Literature DB >> 29165599

Direct axillary cannulation with open Seldinger-guided technique: is it safe?

Davide Carino1, Makoto Mori1, Philip Y K Pang1, Mrinal Singh1, Sherif Elkinany1, Maryann Tranquilli1, Bulat A Ziganshin1,2, John A Elefteriades1.   

Abstract

OBJECTIVES: Axillary artery cannulation is commonly used in thoracic aortic surgery, often utilizing a sidearm graft. Although our institutional preference is femoral cannulation, we use axillary cannulation in select cases with a 'dirty' aorta on computed tomography scan or intraoperative transoesophageal echocardiography. Since 2011, we have routinely used an open Seldinger-guided approach for axillary cannulation. Here, we report our experience with open Seldinger-guided technique, evaluating its safety and efficacy.

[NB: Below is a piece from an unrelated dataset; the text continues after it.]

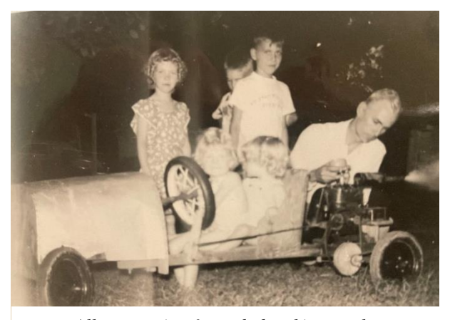
All my cousins & my dad making smoke

Power was always transmitted from the engine to a jackshaft and from the jackshaft to both rear wheels with pulleys and v-belts. The belt from the engine to the jackshaft utilized a tensioner pulley connected to a foot pedal that became the de facto clutch.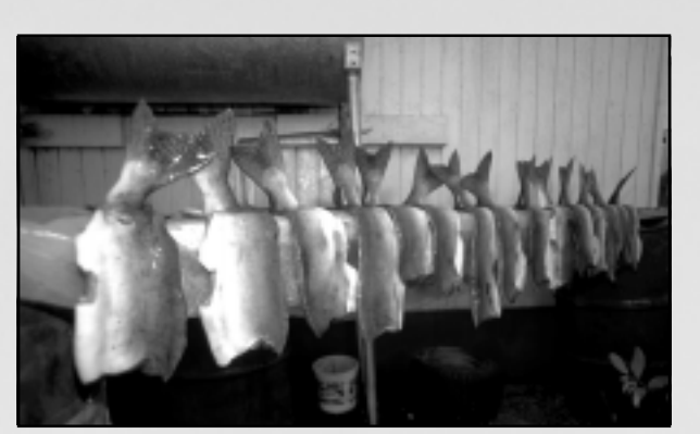
Salmon drying on a rack in Old Harbor

people who traditionally subsist on the fish, wildlife and plants of the region could no longer trust what they were eating and turned instead to high-priced groceries. Recreational opportunities were mostly shut down and the world-wide image of an attractive and pristine Prince William Sound was tarnished with oil.

METHODS: A retrospective analysis of our institutional database from 2011 to 2016 was performed to find cases of peripheral arterial cannulation for thoracic aortic surgery. We identified 404 consecutive patients who underwent peripheral arterial cannulation. Of these, 352 were femoral and 52 were axillary cannulations. All axillary cannulations were performed for ascending and/or arch surgery. The technique involves a surgical exposure of the artery which is then cannulated by guidewire inside a purse string without arterial incision.

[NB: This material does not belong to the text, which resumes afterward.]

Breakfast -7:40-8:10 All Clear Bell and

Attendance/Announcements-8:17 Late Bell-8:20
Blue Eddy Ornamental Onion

RESULTS: Indications for surgery included aneurysm in 63.5% (33/52), dissection in 30.7% (16/52) and pseudoaneurysm in the remaining 5.8% (3/52). Hospital survival was 98.1% (51/52). There were no instances of axillary arterial injury or intraoperative malperfusion phenomena. No postoperative limb ischaemia or stroke was evident. No wound infections or late pseudoaneurysms were observed.

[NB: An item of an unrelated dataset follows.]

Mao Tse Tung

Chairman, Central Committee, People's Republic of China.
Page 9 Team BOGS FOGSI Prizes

CONCLUSIONS: The open Seldinger-guided technique for axillary artery cannulation is safe and effective. We strongly recommend this technique, given its speed and simplicity. The vessel is not snared, thereby preserving distal arterial flow and minimizing the risk of acute limb ischaemia. Furthermore, the limited manipulation of the artery lowers the risk of local complications.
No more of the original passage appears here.